Os estudantes participantes deste estudo são alunos do 3º ciclo de formação, considerados adolescentes, de acordo com os critérios da Escola Plural. Mas alguns podem ser classificados como pré-adolescentes e outros, como jovens. Os limites entre as idades são bem flexíveis e mudam de acordo com os interesses sociais que envolvem os menores. O Estatuto da Criança e do Adolescente (ECA), por exemplo, define que criança é “a pessoa até 12 anos de idade incompletos, e adolescente aquela entre doze e dezoito anos de idade” (Art. 2º, Lei nº 8.069/1990). O Projeto Juventude e o Instituto Cidadania, por sua vez, ao realizarem uma pesquisa sobre a juventude brasileira, em 2003, consideraram jovens os indivíduos com

idade entre 15 e 24 anos (VENTURI, 2008). Estudos como o de Georges Balandier (1976) e Bernice Neugarten (1999) apontam para essa dificuldade na definição das fronteiras entre os ciclos da vida. Infância, adolescência e juventude, embora universalizados, são conceitos criados na lida com o indivíduo real e se alteram à medida que muda o contexto histórico, palco das relações sociais.
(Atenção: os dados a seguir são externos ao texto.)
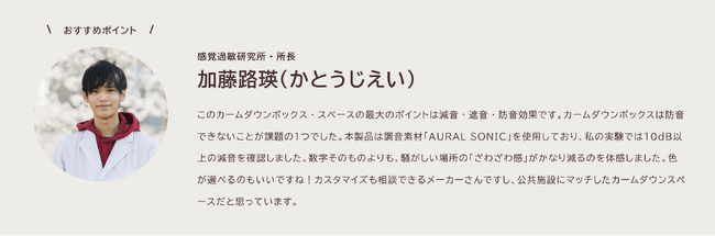 感覚過敏研究所を運営する株式会社クリスタルロード(本社:東京都中央区、代表:加藤路瑛)は、感覚過敏やパニック障害など、環境刺激に敏感な方々が外部の刺激を和らげて心身を落ち着かせるためのカームダウンスペースの普及と企画に取り組んでいます。この度、減音・防音効果のある調音素材「AURAL SONIC」を内蔵したカームダウンボックス『CONBOX-CD』を代理店として販売いたします。

Analisamos, até o capítulo 4, as trajetórias humana e escolar das crianças e dos adolescentes que foram mutiladas pela pobreza e pela desigualdade social que impera na sociedade capitalista. Procuramos entender como as várias políticas públicas de educação, que se sucederam ao longo dos últimos 20 anos, procuraram lidar com esses cidadãos, com sua cultura, seus valores, suas identidades no sentido de garantir seus direitos. Podemos constatar que, quanto mais chegamos próximos a uma universalização total da educação básica no país, maior é o número de alunos com trajetórias truncadas frequentando as salas de aula e as escolas.

Ao mesmo tempo em que a humanidade avança do ponto de vista econômico e tecnológico, do ponto de vista social, ainda se mantém a produção de pessoas vivendo na miséria. No domingo que antecedeu o dia das crianças de 2011, ao observarmos as ruas de Belo Horizonte, entre a Universidade Federal de Minas Gerais e a sede da Usiminas, podíamos avistar crianças de 9, 10 e 11 anos, aproximadamente, praticando a arte do malabarismo nos sinais de trânsito e pedindo uns trocados.

Devemos indagar, então: Que políticas são essas, que sociedade é essa que, apesar de seu desenvolvimento econômico e tecnológico vertiginoso, ainda permite que essas crueldades contra indivíduos tão fracos continuem existindo?